# Data block:
※
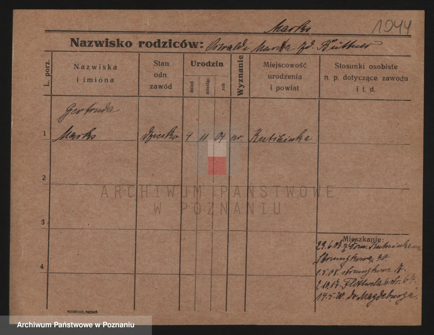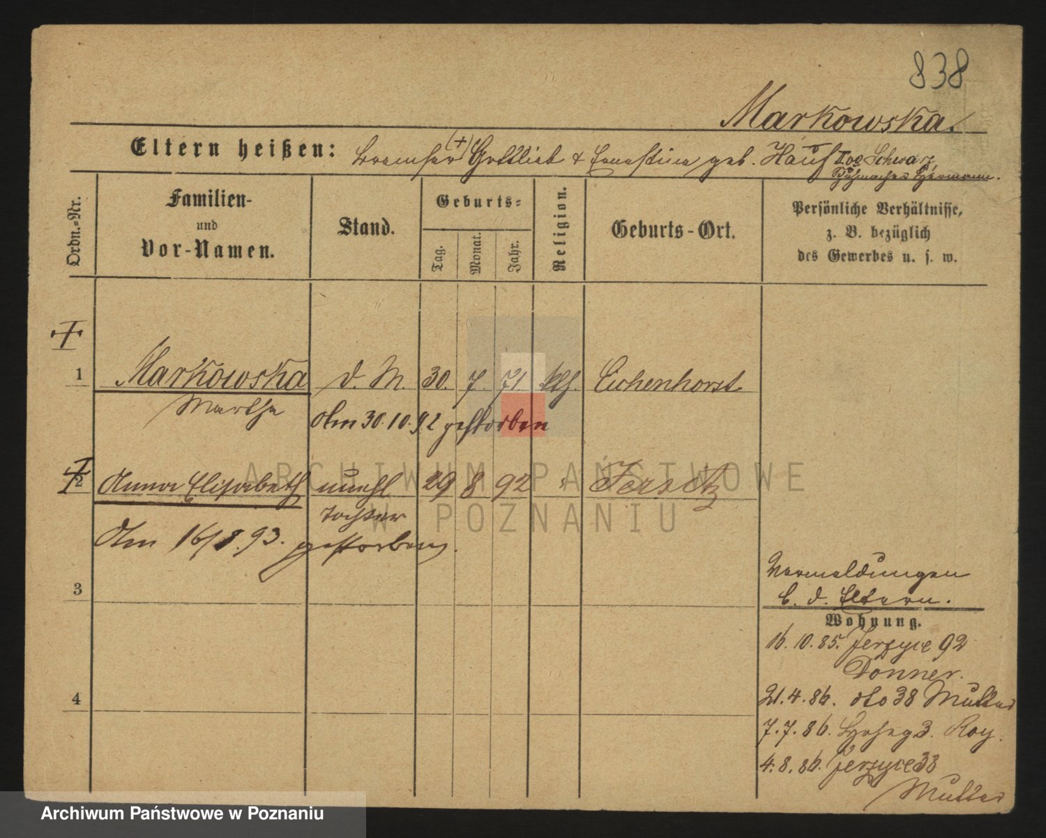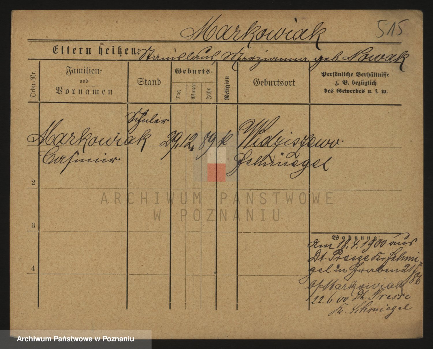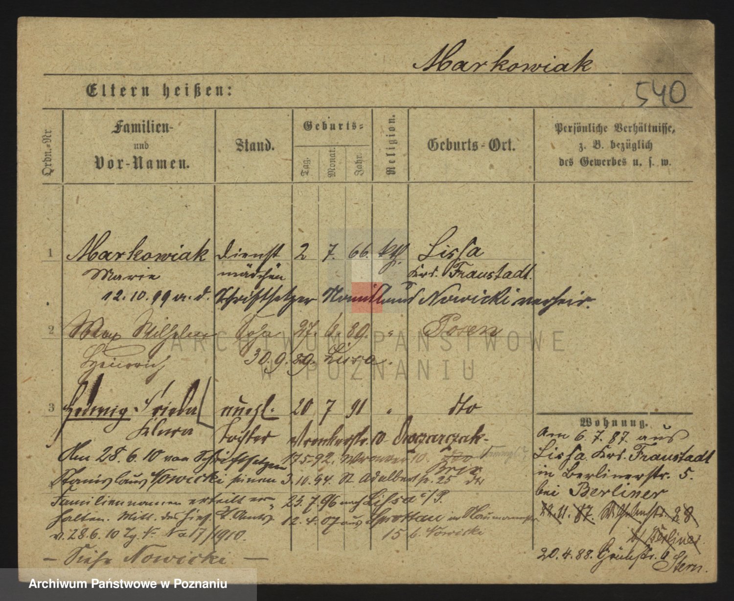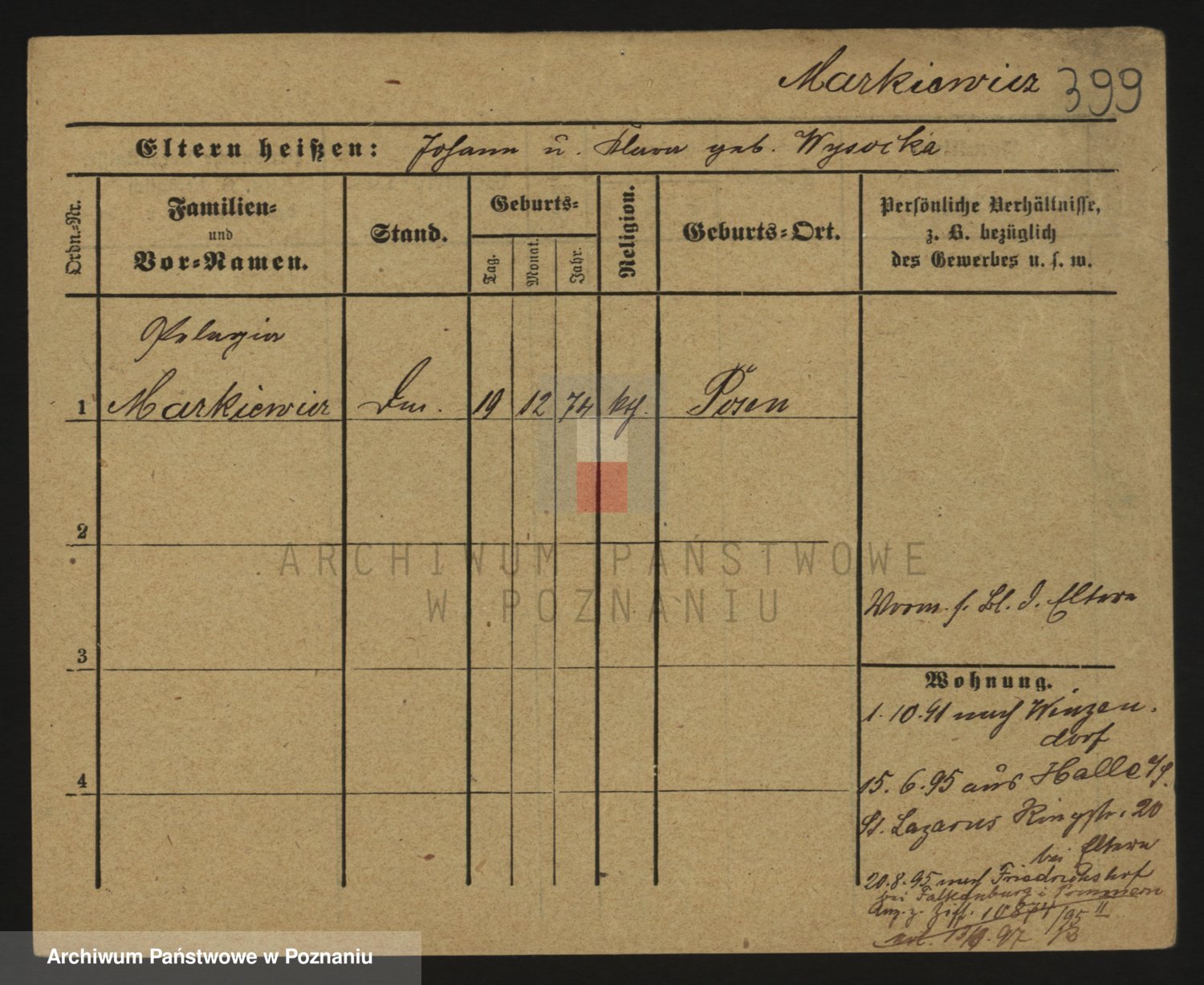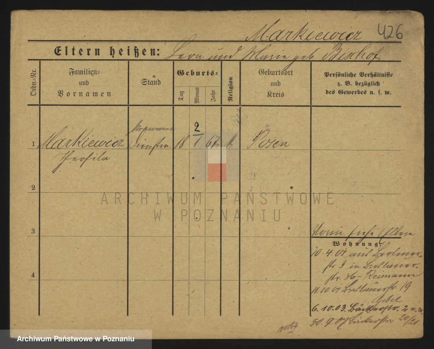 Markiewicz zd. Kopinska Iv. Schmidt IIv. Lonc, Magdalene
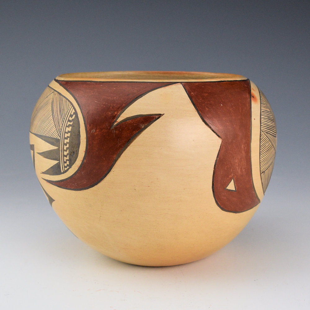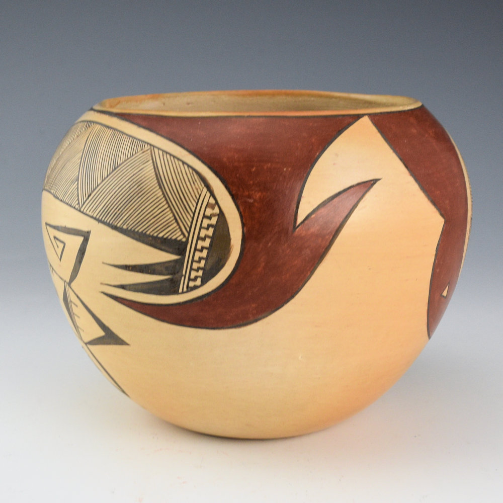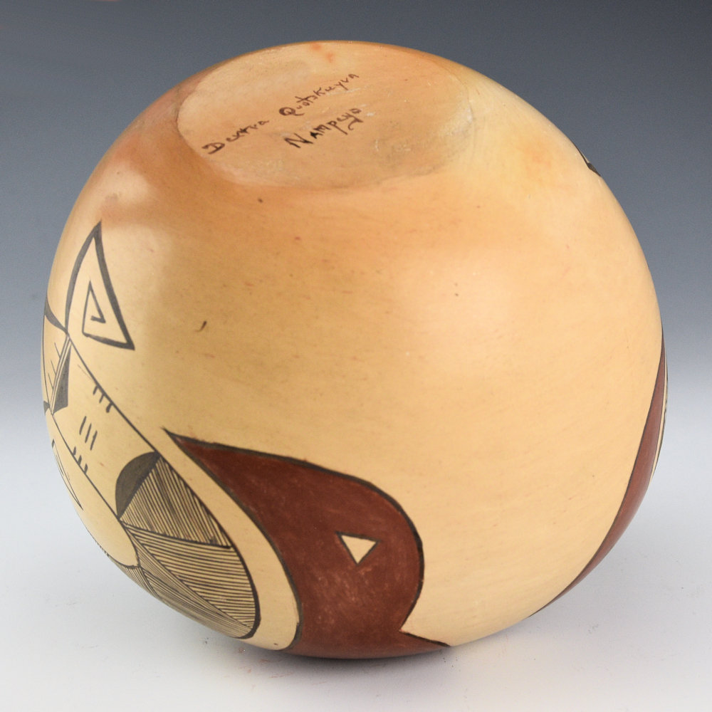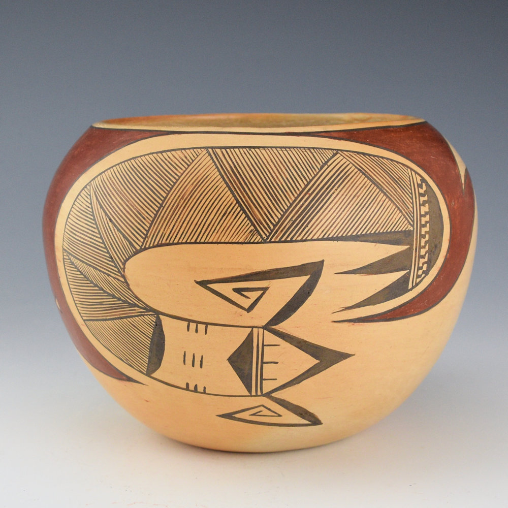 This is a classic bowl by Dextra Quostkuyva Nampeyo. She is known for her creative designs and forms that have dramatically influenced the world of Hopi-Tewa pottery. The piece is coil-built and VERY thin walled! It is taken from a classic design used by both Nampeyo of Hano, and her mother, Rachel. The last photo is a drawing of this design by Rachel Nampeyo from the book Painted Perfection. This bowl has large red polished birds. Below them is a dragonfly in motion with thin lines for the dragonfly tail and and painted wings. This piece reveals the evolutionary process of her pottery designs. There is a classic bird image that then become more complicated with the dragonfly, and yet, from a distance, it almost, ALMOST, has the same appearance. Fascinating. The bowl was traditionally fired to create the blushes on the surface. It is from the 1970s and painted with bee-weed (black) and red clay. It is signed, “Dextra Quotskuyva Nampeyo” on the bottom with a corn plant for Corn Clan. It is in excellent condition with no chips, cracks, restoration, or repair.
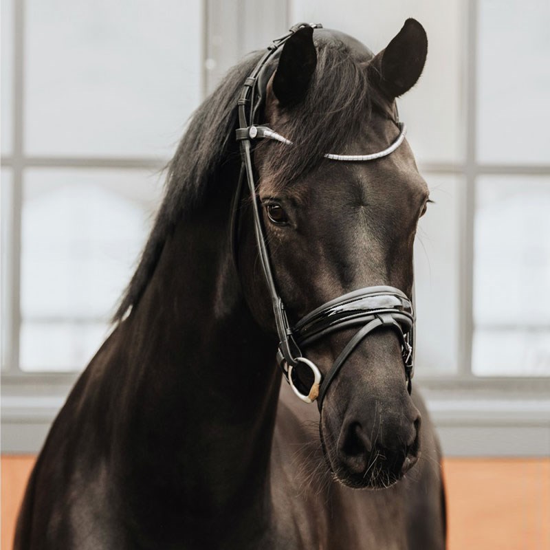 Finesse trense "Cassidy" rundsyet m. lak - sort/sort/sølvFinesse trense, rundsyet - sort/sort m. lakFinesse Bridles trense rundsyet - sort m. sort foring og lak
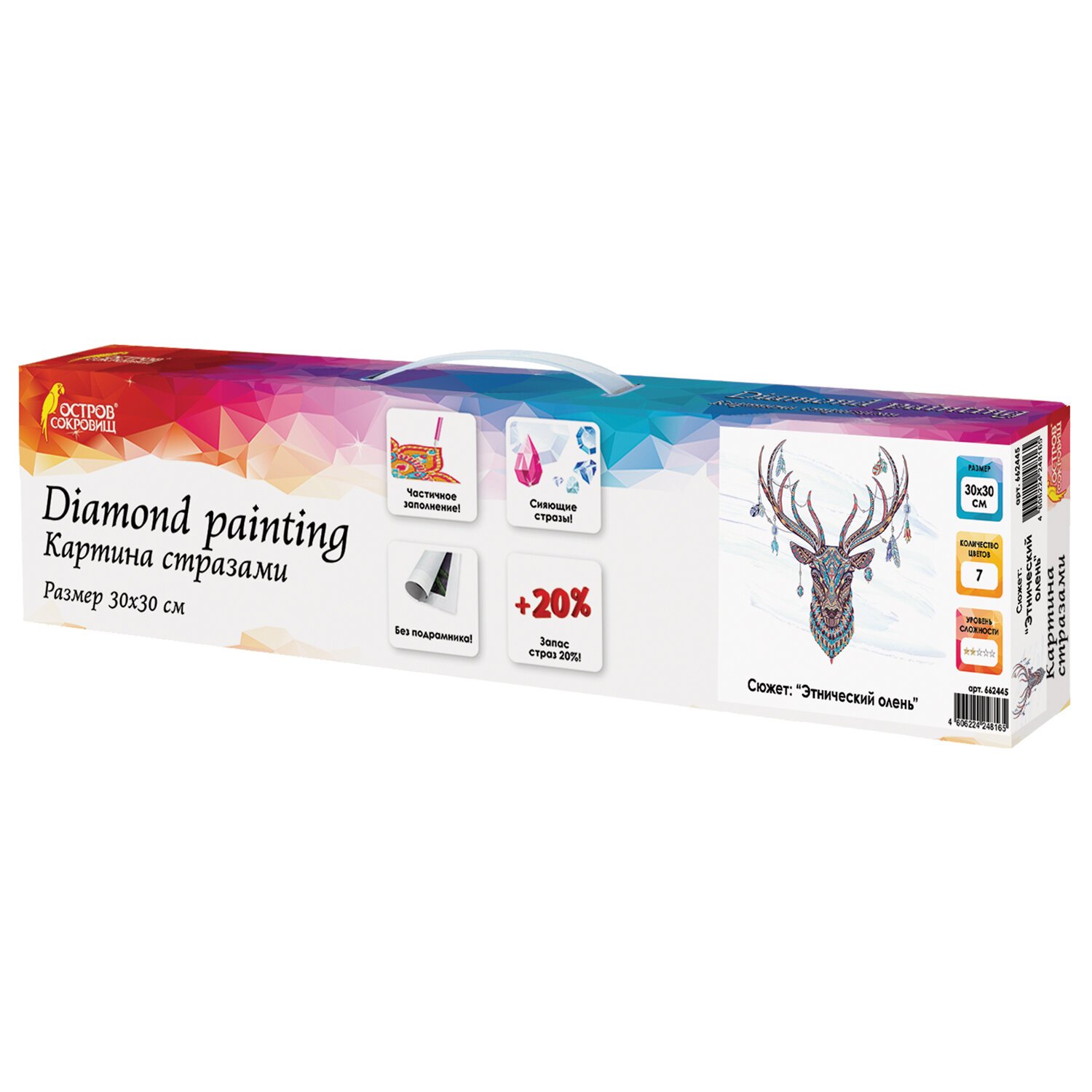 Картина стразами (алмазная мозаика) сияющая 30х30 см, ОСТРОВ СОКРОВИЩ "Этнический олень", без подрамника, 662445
※
# Task goal:
The data above should be repeated in full and exactly, with no pictures carried over.

# Answer to the exercise:
 Markiewicz zd. Kopinska Iv. Schmidt IIv. Lonc, Magdalene
 This is a classic bowl by Dextra Quostkuyva Nampeyo. She is known for her creative designs and forms that have dramatically influenced the world of Hopi-Tewa pottery. The piece is coil-built and VERY thin walled! It is taken from a classic design used by both Nampeyo of Hano, and her mother, Rachel. The last photo is a drawing of this design by Rachel Nampeyo from the book Painted Perfection. This bowl has large red polished birds. Below them is a dragonfly in motion with thin lines for the dragonfly tail and and painted wings. This piece reveals the evolutionary process of her pottery designs. There is a classic bird image that then become more complicated with the dragonfly, and yet, from a distance, it almost, ALMOST, has the same appearance. Fascinating. The bowl was traditionally fired to create the blushes on the surface. It is from the 1970s and painted with bee-weed (black) and red clay. It is signed, “Dextra Quotskuyva Nampeyo” on the bottom with a corn plant for Corn Clan. It is in excellent condition with no chips, cracks, restoration, or repair.
 Finesse trense "Cassidy" rundsyet m. lak - sort/sort/sølvFinesse trense, rundsyet - sort/sort m. lakFinesse Bridles trense rundsyet - sort m. sort foring og lak
 Картина стразами (алмазная мозаика) сияющая 30х30 см, ОСТРОВ СОКРОВИЩ "Этнический олень", без подрамника, 662445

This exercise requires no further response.